■ Task goal ■
Below are records with pictures. Transcribe exactly, and only, the lines from the line with "体育资讯4月18日讯 NBA" to the line with "Sterling Silver Cubic", both ends included, but not the pictures.

■ Data excerpts ■
—————

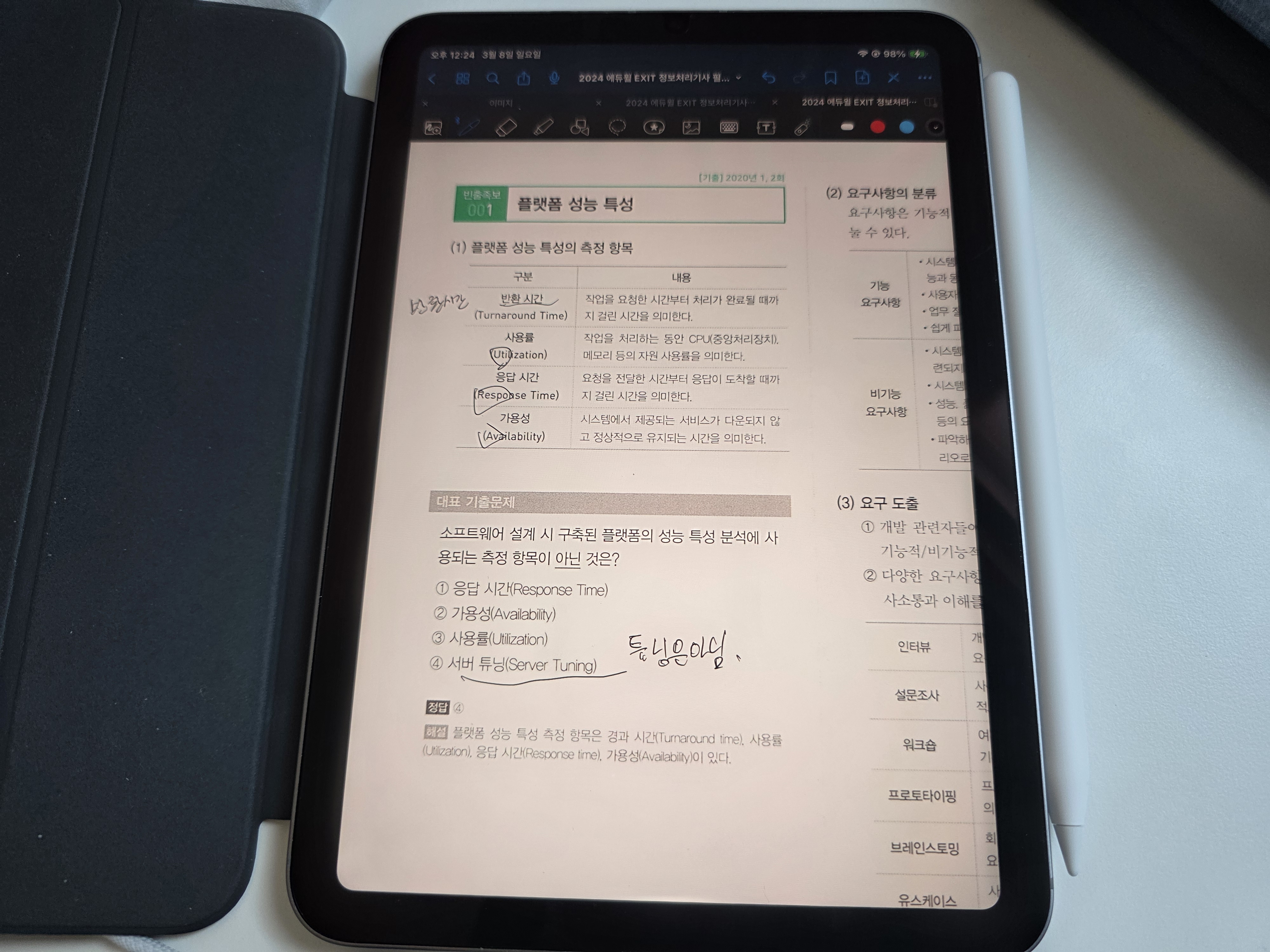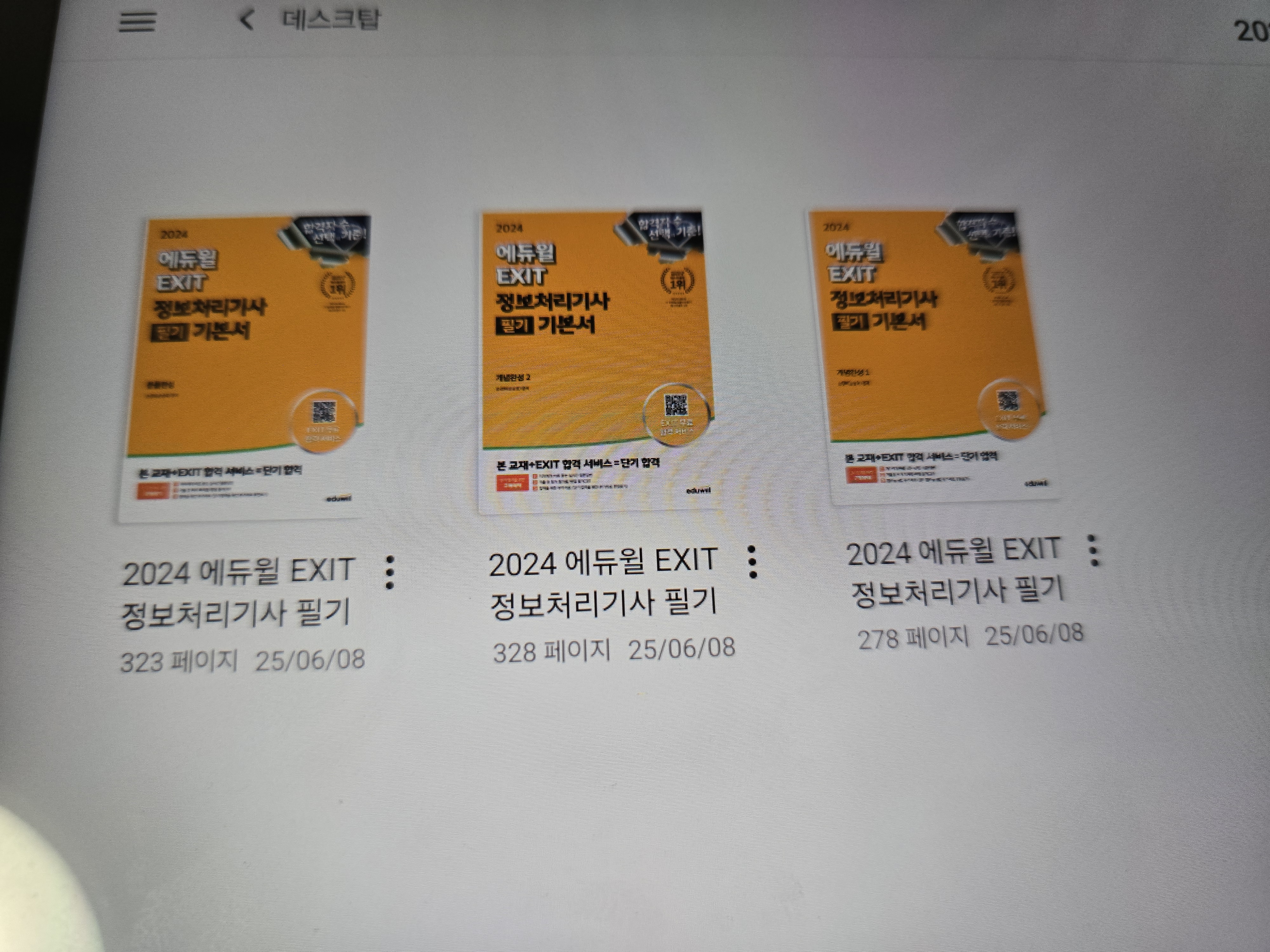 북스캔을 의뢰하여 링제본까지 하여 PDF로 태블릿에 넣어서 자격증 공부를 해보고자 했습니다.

—————

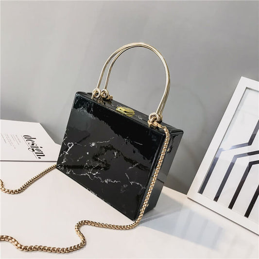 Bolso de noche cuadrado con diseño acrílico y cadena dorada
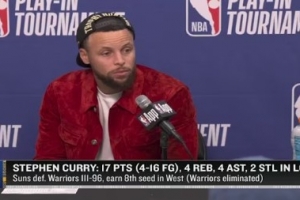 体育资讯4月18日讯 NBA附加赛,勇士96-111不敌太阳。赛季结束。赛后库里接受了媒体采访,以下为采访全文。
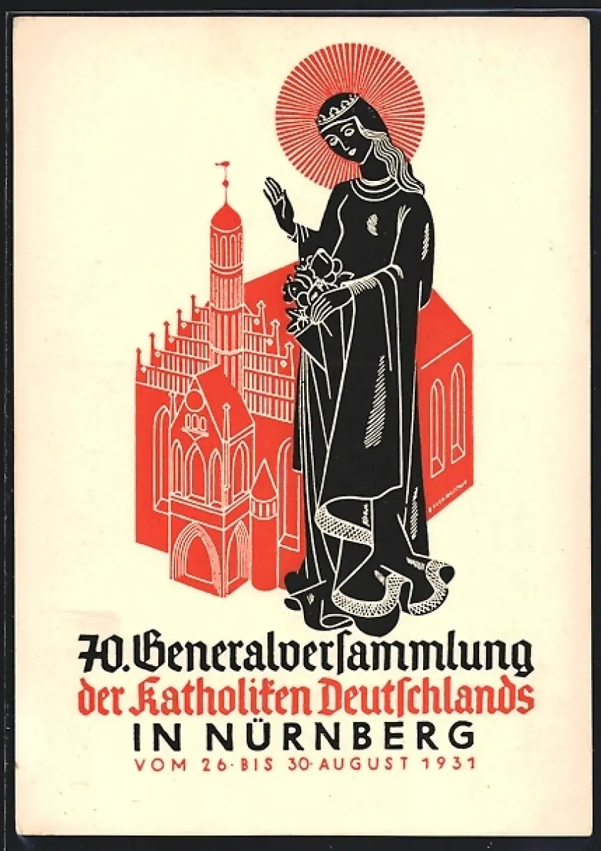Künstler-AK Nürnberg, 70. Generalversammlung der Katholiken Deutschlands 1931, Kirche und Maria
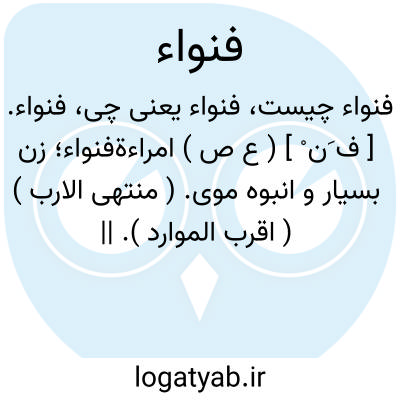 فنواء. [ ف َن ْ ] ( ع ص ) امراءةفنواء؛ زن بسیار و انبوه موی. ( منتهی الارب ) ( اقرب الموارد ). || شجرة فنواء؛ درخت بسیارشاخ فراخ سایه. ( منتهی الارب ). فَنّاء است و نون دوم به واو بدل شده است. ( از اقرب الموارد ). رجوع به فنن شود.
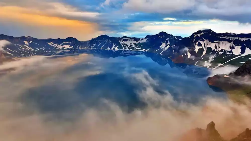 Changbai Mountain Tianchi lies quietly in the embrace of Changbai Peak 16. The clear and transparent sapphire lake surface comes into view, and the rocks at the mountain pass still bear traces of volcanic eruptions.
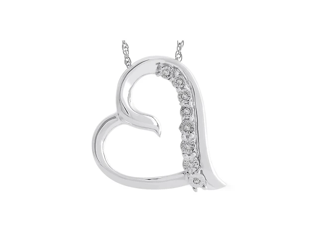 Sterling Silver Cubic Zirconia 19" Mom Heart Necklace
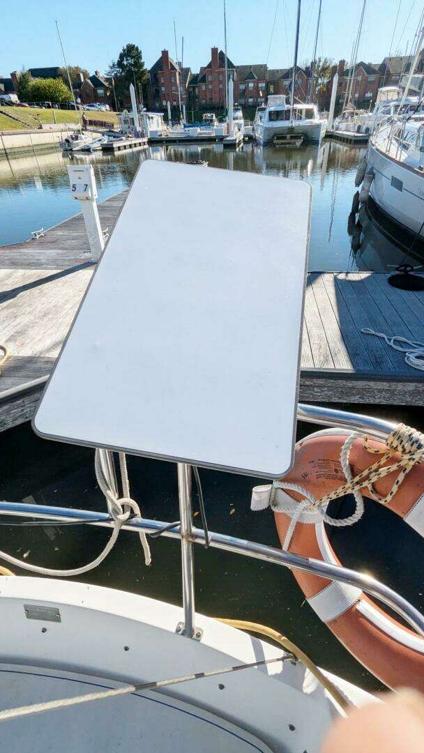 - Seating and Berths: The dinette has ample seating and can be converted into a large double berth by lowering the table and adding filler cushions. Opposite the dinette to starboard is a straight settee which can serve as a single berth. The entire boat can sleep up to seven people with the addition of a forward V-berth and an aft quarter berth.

—————

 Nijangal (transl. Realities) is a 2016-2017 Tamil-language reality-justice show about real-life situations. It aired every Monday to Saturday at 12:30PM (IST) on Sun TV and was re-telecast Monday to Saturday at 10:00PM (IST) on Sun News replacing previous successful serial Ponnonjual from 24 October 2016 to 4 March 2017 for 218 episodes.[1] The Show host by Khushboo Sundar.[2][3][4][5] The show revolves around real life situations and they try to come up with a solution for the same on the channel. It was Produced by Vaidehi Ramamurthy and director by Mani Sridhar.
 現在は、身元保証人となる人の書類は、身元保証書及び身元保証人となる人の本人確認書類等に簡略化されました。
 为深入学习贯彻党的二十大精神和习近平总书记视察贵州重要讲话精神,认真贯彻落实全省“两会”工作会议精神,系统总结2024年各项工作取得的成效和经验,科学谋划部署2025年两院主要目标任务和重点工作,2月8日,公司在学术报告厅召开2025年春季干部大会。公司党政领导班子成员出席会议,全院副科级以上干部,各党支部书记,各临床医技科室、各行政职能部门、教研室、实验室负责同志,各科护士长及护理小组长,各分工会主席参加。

—————

■ Task solution ■
 体育资讯4月18日讯 NBA附加赛,勇士96-111不敌太阳。赛季结束。赛后库里接受了媒体采访,以下为采访全文。
Künstler-AK Nürnberg, 70. Generalversammlung der Katholiken Deutschlands 1931, Kirche und Maria
 فنواء. [ ف َن ْ ] ( ع ص ) امراءةفنواء؛ زن بسیار و انبوه موی. ( منتهی الارب ) ( اقرب الموارد ). || شجرة فنواء؛ درخت بسیارشاخ فراخ سایه. ( منتهی الارب ). فَنّاء است و نون دوم به واو بدل شده است. ( از اقرب الموارد ). رجوع به فنن شود.
 Changbai Mountain Tianchi lies quietly in the embrace of Changbai Peak 16. The clear and transparent sapphire lake surface comes into view, and the rocks at the mountain pass still bear traces of volcanic eruptions.
 Sterling Silver Cubic Zirconia 19" Mom Heart Necklace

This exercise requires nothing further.